The "freeze_support()" line can be omitted if the program
is not going to be frozen to produce an executable.
As an aside, multiprocessing.freeze_support() is the very first function I call in the main file being run.
I'll try to attack the main issues. My understanding of your actual problem is quite limited as I don't know what your code actually does.
"a way to use pygame as multiple different instances in different threads, spawned from the same process"
This doesn't work as pygame is built on SDL2 which states "You should not expect to be able to create a window, render, or receive events on any thread other than the main one."
"a way to safely concurrently work with pygame's display (and update clock)"
Same as above, the display only work in the main thread.
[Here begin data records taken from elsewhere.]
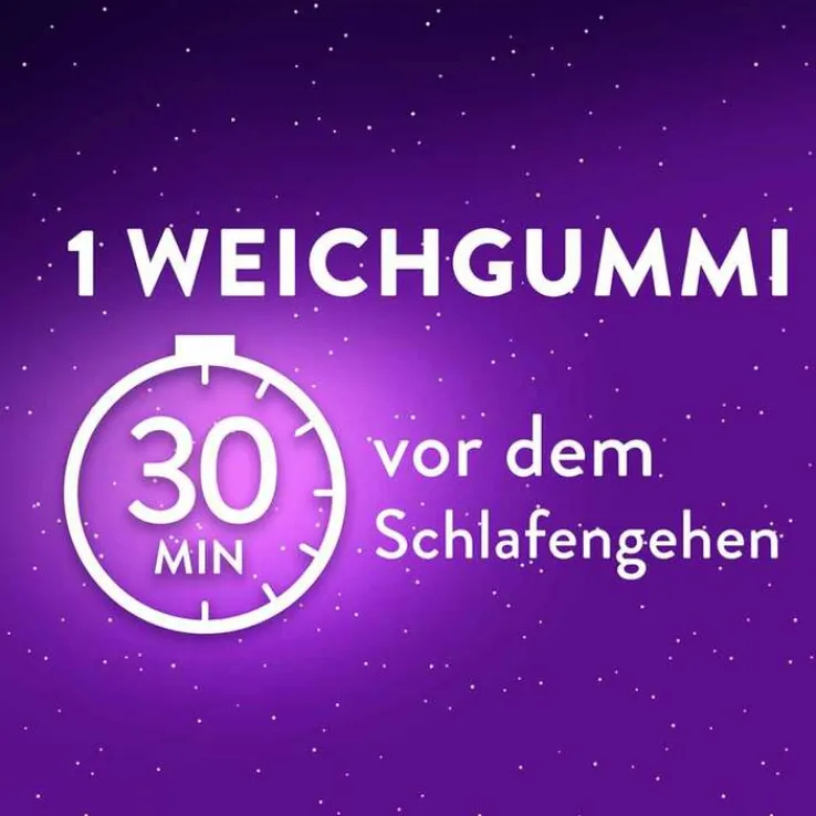 30 Minuten vor dem Zubettgehen bei Bedarf 1 Weichgummi einnehmen, die Abendroutine fortsetzen,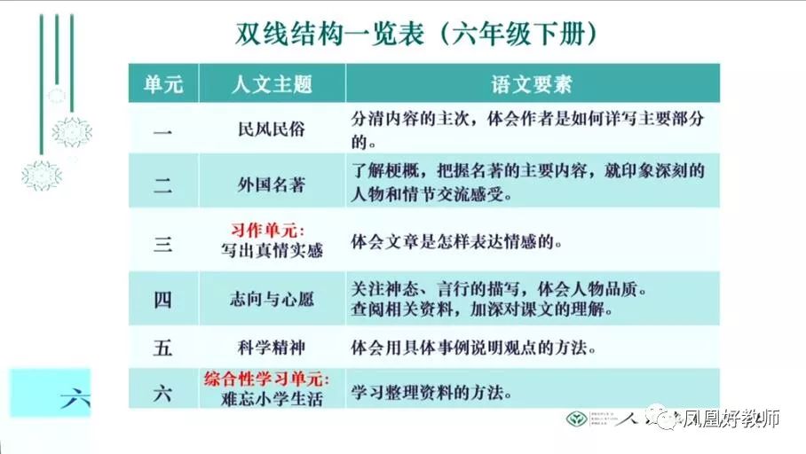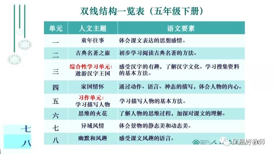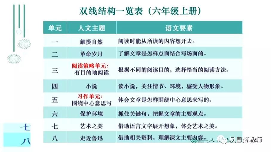 在教材里边,单元语文要素从哪里来呢?单元语文要素主要把握一些什么样的方向呢?我想有这样几点。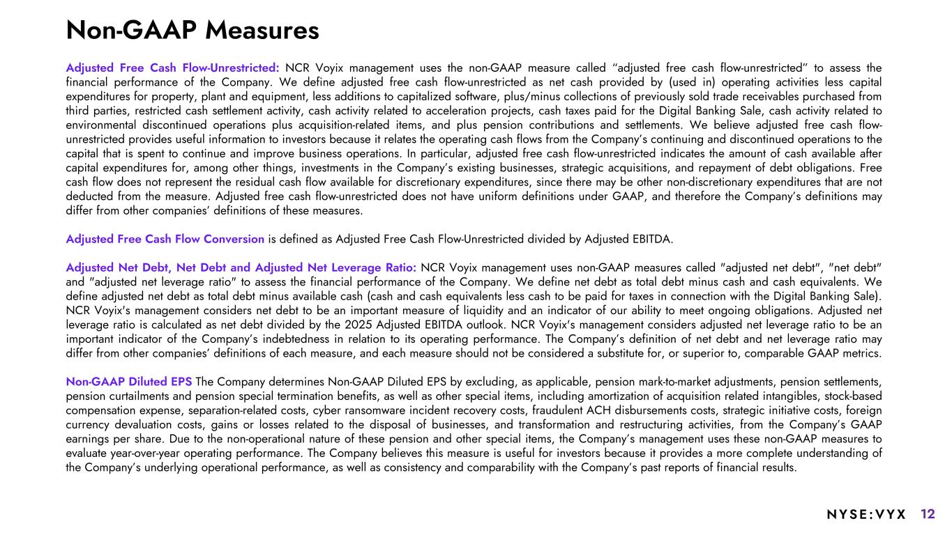 11NYSE :VYX While NCR Voyix reports its results in accordance with generally accepted accounting principles (GAAP) in the United States, comments made during this conference call and in these materials will include non-GAAP measures. These measures are included to provide additional useful information regarding NCR Voyix’s financial results and are not a substitute for their comparable GAAP measures. Adjusted Earnings Before Interest, Taxes, Depreciation and Amortization (Adjusted EBITDA) NCR Voyix determines Adjusted EBITDA for a given period based on its GAAP net income from continuing operations attributable to NCR Voyix plus interest expense, net; plus income tax expense (benefit); plus depreciation and amortization (excluding acquisition-related amortization of intangibles); plus stock-based compensation expense; plus pension mark-to-market adjustments and other special items, including amortization of acquisition-related intangibles, acquisition- related costs, loss (gain) on disposal of businesses, separation-related costs, cyber ransomware incident recovery costs (net of insurance recoveries), fraudulent ACH disbursements costs net of recoveries, foreign currency devaluation, transformation and restructuring charges (which includes integration, severance and other exit and disposal costs), and strategic initiative costs, among others. Separation-related costs include costs incurred as a result of the spin-off. The historical financial information and any forecasted financial information included in this presentation were determined based on the Retail and Restaurants segment results including an estimate of corporate costs, perimeter adjustments as well as the impact from commercial agreements between NCR Voyix and NCR Atleos. The actual historical results may differ from the periods presented based on the GAAP requirements for reporting discontinued operations. NCR Voyix uses Adjusted EBITDA to evaluate and measure the ongoing performance of its business segments. NCR Voyix also uses Adjusted EBITDA to manage and determine the effectiveness of its business managers and as a basis for incentive compensation. NCR Voyix believes that Adjusted EBITDA provides useful information to investors because it is an indicator of the strength and performance of the Company’s ongoing business operations, including its ability to fund discretionary spending such as capital expenditures, strategic acquisitions, and other investments, and excludes certain items whose fluctuation from period to period do not necessarily correspond to changes in the operations of our business segments. In addition, we believe Adjusted EBITDA is useful to investors because it and similar measures are commonly used by industry analysts, investors, and lenders to assess the financial performance of companies in our industry. Adjusted EBITDA margin is calculated based on Adjusted EBITDA as a percentage of total revenue. Non-GAAP Measures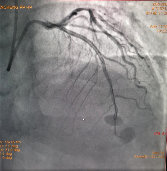 除夕,郭先生無明顯誘因突發(fā)胸痛,120急救人員到達(dá)現(xiàn)場,心電圖顯示:竇性心律完全性束支傳導(dǎo)阻滯。信息立刻發(fā)送到胸痛中心介入微信群中,心內(nèi)科值班醫(yī)生初步診斷為急性廣泛前壁心肌梗死,必須盡快進(jìn)行急診支架治療,開通血管。值班醫(yī)生電話指導(dǎo)院前治療,并立即啟動(dòng)胸痛綠色通道,24小時(shí)備班的介入治療團(tuán)隊(duì)立即到位,9:30患者被送到導(dǎo)管室行冠脈介入診療,9:40急診PCI手術(shù)隨之開始,冠脈造影檢查提示左前降支閉塞,植入支架,堵塞的血管被順利打通,患者癥狀緩解,手術(shù)非常成功,10:20患者被送往病房進(jìn)一步治療。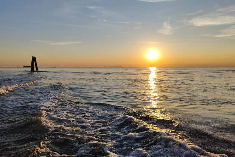 While the sun begins to hide behind the horizon, we'll leave Chioggia behind and set sail close to Ca' Roman, a peaceful area of the Venetian Lagoon home to many bird species. At this fascinating natural habitat, we'll let ourselves become spellbound by the sunset's magical colours as we admire the lagoon's landscape.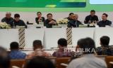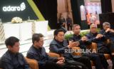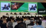 Presiden Direktur PT Adaro Energy Indonesia Tbk (Adaro) Garibaldi Thohir bersama jajaran direksi memberikan keterangan pers usai melaksanakan Rapat Umum Pemegang Saham Tahunan (RUPST) di Jakarta, Kamis (11/5/2023). RUPST kali ini menyetujui dan mengesahkan antara lain laporan tahunan dan laporan keuangan konsolidasi ADRO tahun 2022. Adaro terus berfokus pada efisiensi dan keunggulan operasional serta meningkatkan kontribusi bagi Indonesia diantaranya dalam bentuk pajak dan royalti. Pada tahun FY22, royalti dan pajak penghasilan badan yang dibayarkan kepada Pemerintah Indonesia mencapai $2.876 juta atau 222% lebih tinggi daripada $893 juta pada FY21. (FOTO : Prayogi/Republika)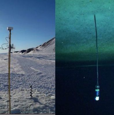 : FRF-2 baseline station with TLT-32 acoustic receiver below the ice.
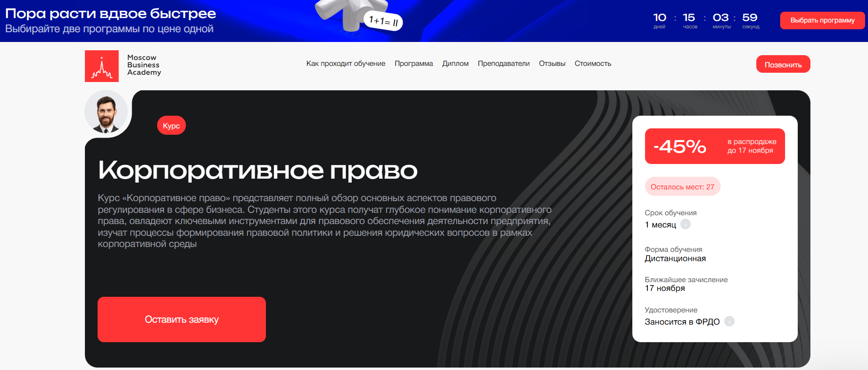 Корпоративное право от Moscow Business Academy — месячный интенсив по правовому регулированию предпринимательской деятельности с удостоверением государственного образца и сертификатом MBA.

"a way to use multiprocessing.Process such that it doesn't need to pickle the method's class but can still access the class variables"
You could pickle the methods using something like
dill
, but it fells (to me) wrong to copy full on python object between processes. I'd go for another solution."a multiprocessing library that:"
1. Either doesn't need to pickle the lambda functions or is able to
You need to use to serialize Python objects in order to send them between processes.
2. Has a way to tell the subprocess which process worker is being used
I don't understand what this mean.
It seems to me that the problem could be solved with better separation of data and visualization. The training should have no knowledge about any visualization, as it's not dependent on how you want to display it. So there should not be any reason to share the pygame display.
Once this is done, it shouldn't be too much problem (multi-threading always causes problems) to do what you're trying to do. Regarding the pickle issue; I'd try to avoid pickling Python objects and functions, and instead just pass basic primitives between threads and processes. It seems like you should be able to assign
self.fitnessFromArray
with a simpleint
instead and based on its value do the min/avg/max calculation in the thread/process instead.If you want to do threading, then the main thread will take care of the rendering. It'll also spawn threads for the training. When the threads are completed they'll return their result (or put it in a thread safe storage) and the main thread will poll the data and display the result. If the work done by the training takes longer than one frame, then divide up the work so each thread only partially train and can continue where it left off the next frame.
The principal is the same if you instead want separate processes. The main process starts up several training processes and connect to them via sockets. From the sockets, you'd poll information about the state of the program and display it. It would basically be a client-server architecture (albeit on localhost) where the training scripts are servers and the main process is a client.